Chief Warrant Office Two Misty Dawn Lakota (Oglala Lakota) takes part in the White House Conference on Supporting Contemporary Native American Veterans. Washington, D.C., November 19, 2019.

Like many women in our nation’s history, American Indian women first supported American war efforts as nurses. In World War I, a handful of Native American women volunteered to join the Army Nurse Corps; they, like the approximately 15,000 Native American men who served in the military during WWI, were not even American citizens (citizenship would not be granted to Indian Nations until 1924 with the passing of the Indian Citizenship Act), but they still chose to join.

In World War II, the numbers of female volunteers would grow – 800 Native American women joined the war effort in the various women’s branches of the military formed during WWII, including WACS, WAVES, Women Marines, SPARs and WASPs. 10,000 more would join the Red Cross.

Today, Native American women not only serve as fully capable members of our Armed Forces, but also serve at a much higher rate than all other demographics. Almost 20% of all Native American service members are women, compared to the approximately 15% of all other service members who are women.
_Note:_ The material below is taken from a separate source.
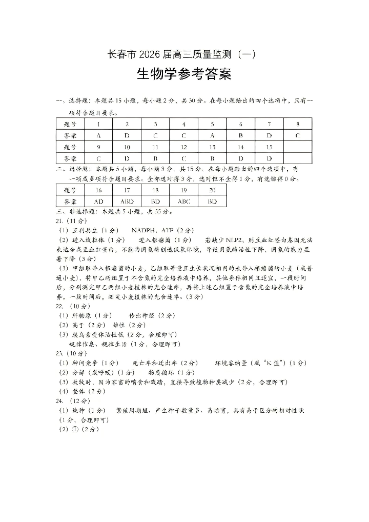 长春市2026届高三质量监测(一)生物答案.pdf

Native Americans in the U.S. Military Today

Mitchelene BigMan, president and founder of the Native American Women Warriors (NAWW), performs a tribal dance for attendees of the National American Indian Heritage Month observance at Redstone Arsenal, Alabama, in November 2019. BigMan was there with two other members of the NAWW, an all-female group of Native American veterans who started as a color guard but have since grown and branched out as advocates for Native American women veterans in areas such as health, education and employment. | Photo credit Stephen Baack/DVIDS

In our modern U.S. military today, American Indians and Native Alaskans have carried on a tradition of service and sacrifice, as they serve at a higher rate than any other demographic in the entire country. Since September 11, almost 19% of all Native Americans have served in the Armed Forces – in comparison to an average of 14% of all other ethnicities.

Regardless of the challenge, Native American service members have stepped up to serve the United States with distinction, dedicating their lives to protecting this country no matter the cost.